How to Connect a Micro Servo Motor to Arduino Due

How to Connect a Micro Servo Motor to Arduino / Visits:8

Micro servo motors are the unsung heroes of countless maker projects. From robotic arms to camera gimbals, from animatronic eyes to automatic pet feeders, these tiny but powerful actuators bring motion to life. The Arduino Due, with its blazing 84 MHz ARM Cortex-M3 processor and 12-bit PWM resolution, offers a unique platform for driving micro servos with exceptional precision—far beyond what typical 8-bit boards can achieve.

In this guide, I’ll walk you through everything you need to know about connecting a micro servo motor to an Arduino Due. We’ll cover hardware wiring, power considerations, software setup, and advanced techniques like smooth motion control and multi-servo synchronization. By the end, you’ll have a rock-solid foundation for building projects that require precise, repeatable angular positioning.

Why Micro Servo Motors and Arduino Due Are a Perfect Match

Before diving into the wiring, let’s understand why this combination is so compelling.

Micro servo motors (like the ubiquitous SG90 or MG90S) operate on a standard 50 Hz PWM signal with a pulse width between 1 ms and 2 ms. The Arduino Due’s native PWM outputs can generate these signals with 12-bit resolution (0–4095), compared to the 8-bit (0–255) resolution of Uno or Mega boards. This means you can command your servo to move to any of 4096 discrete positions instead of just 256—a 16x improvement in granularity.

Additionally, the Due’s high clock speed allows you to run multiple servos simultaneously without jitter, and its 3.3V logic level (versus the 5V logic on classic Arduinos) introduces some interesting considerations we’ll address later.

Key Specifications at a Glance

| Component | Key Specs | Impact on Servo Control | |-----------|-----------|-------------------------| | Arduino Due | 3.3V logic, 84 MHz, 12-bit PWM | Higher precision, faster updates, but needs voltage translation for 5V servos | | Micro Servo (e.g., SG90) | 4.8–6V operating, 50 Hz signal, 180° range | Standard hobby servo, draws 100–700 mA under load | | Power Source | 5V external supply recommended | Avoid powering servos from Due’s 3.3V rail |

Hardware Wiring: The Right Way to Connect

Connecting a micro servo to the Due is straightforward, but there are critical details that, if overlooked, can damage your board or cause erratic behavior.

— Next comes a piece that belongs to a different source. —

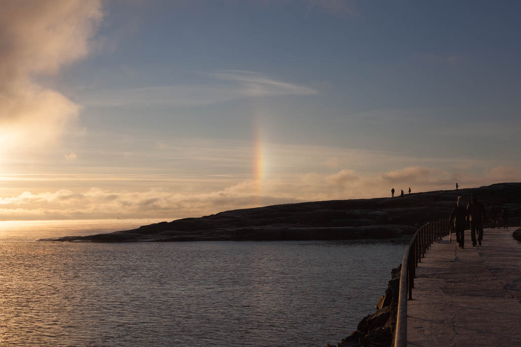 On a cold day, air above the sea is full of ice crystals and it is possible to see a special halo effect around the sun. Crystals reflect the light splitting it to the colors of rainbow.

Pin Identification on a Micro Servo

Most micro servos come with a three-wire cable:

  • Brown or Black wire → Ground (GND)
  • Red wire → Power (VCC, typically 5V)
  • Orange or Yellow wire → Signal (PWM input)

Always double-check the color coding on your specific servo. Some manufacturers use different conventions (e.g., white for signal, red for power, black for ground).

The Wiring Diagram

Here’s the correct connection for a single micro servo:

Servo Wire Arduino Due Pin ---------------- ----------------- Brown (GND) → GND (any) Red (VCC) → External 5V power supply (NOT from Due’s 5V pin) Orange (Signal)→ Digital Pin 9 (or any PWM-capable pin)

Critical Warning: Do not power the servo from the Arduino Due’s 5V pin. The Due’s on-board voltage regulator can only supply about 800 mA, and a single micro servo under load can draw 500–700 mA. Multiple servos will exceed this limit instantly, causing the Due to reset or, worse, damage the regulator. Always use an external 5V power supply (a 2A wall adapter works well).

Shared Ground Is Mandatory

Connect the negative terminal of your external power supply to the Due’s GND. This creates a common reference voltage, ensuring the PWM signal from the Due is interpreted correctly by the servo. Without this, the servo may twitch, jitter, or refuse to move.

Signal Level: A Special Note for the Due

The Arduino Due runs at 3.3V logic. Most micro servos are designed for 5V logic levels, but they typically accept 3.3V signals without issue. The threshold for a “high” signal on a standard servo is around 2.5V, so the Due’s 3.3V output is sufficient.

However, if you’re using servos with stricter logic requirements (some industrial or high-voltage servos), you may need a level shifter. For 99% of hobby micro servos (SG90, MG90S, MG996R), direct connection works fine.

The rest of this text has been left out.